“Like the face of Helen launching a thousand ships, for better or worse, Keith Jarrett’s 1975 Koln Concert (ECM) inspired a like number of improvisational piano recitals (half of which were ultimately Jarrett’s own) and the entire genre of “New Age” solo piano music. This spontaneous creativity is, at best an inspiration, and at worst, a bore.
It is emphasized in jazz that musicians must be accomplished on their instruments and able to fully integrate all they know spontaneously. And that is with, typically at least, a starting point. What pianist and spontaneous composer Steven Schoenberg does in his own “interactive” An Improvisational Journey is start a piece with an eye blink, a deep breath, and a long, integral, creative exhalation with a beginning, a middle and an end.

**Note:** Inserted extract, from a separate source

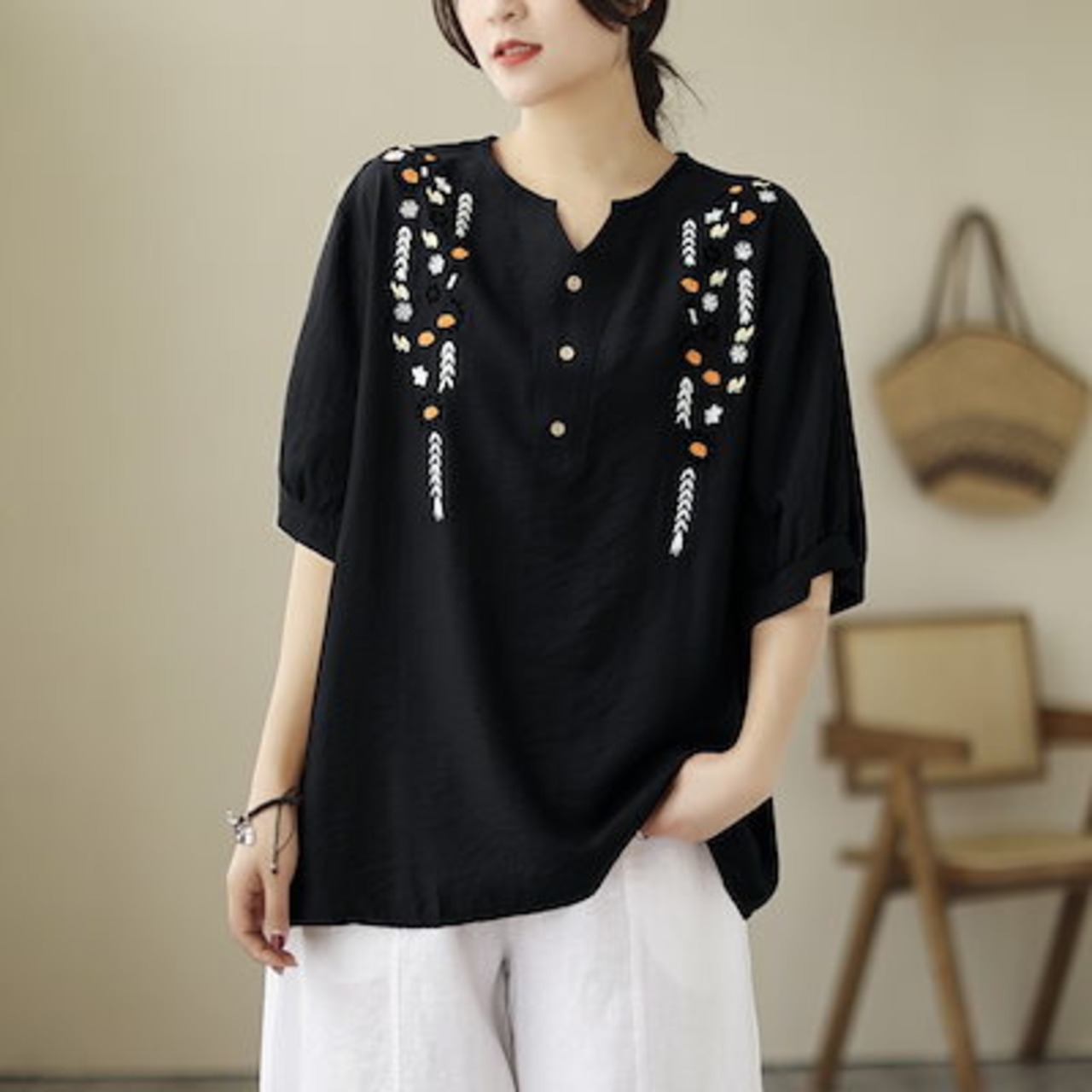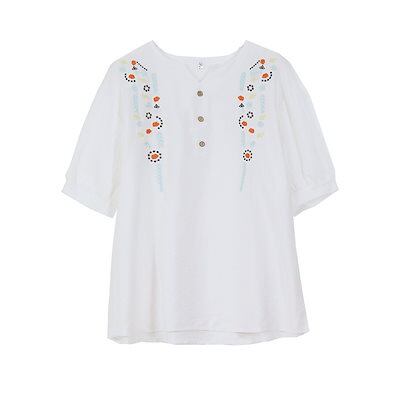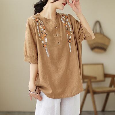 今っぽシアーシャツ使える!シフォンブラウス今っぽシアーシャツ可愛い刺繍夏服レディース大きいサイズ半袖韓国ファッション綿麻肌にやさしいトップス2023人気新作
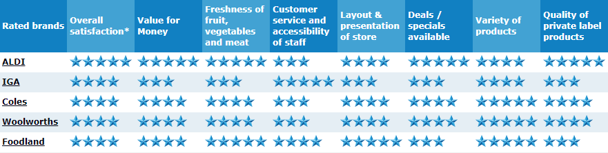 在本年度Canstar Blue评级调查中,Aldi是唯一一家在整体满意度指标上评为五星的连锁超市。

Schoenberg summons an impressive knowledge of American music to produce these nine improvisations, each orbiting a different idea. “Day and Night” is a rumination reminiscent of George Winston’s grand prairie pieces where all musical grammar is simple and straightforward. Not one dissonant turn is left without resolution. “After Dark” is a blues fantasy that travels from a smoky Chicago nightclub to a humid Arkansas African Methodist Episcopal Church sanctuary to a nervous tightrope completed with a killer left hand.
“In the Darkness” is recorded as titled, in the dark. Here Schoenberg strays well beyond the fixed and durable phrasing of the American Songbook, achieving something like a hip John Fields nocturne. “January Blues” skirts the old 12 bars without ever fully embracing them. There is a whole lot of church here, as well as boogie-woogie. “Notes” is cobbled together from a note request from the audience. Schoenberg does his best Boulez on a brief asymmetric motif.”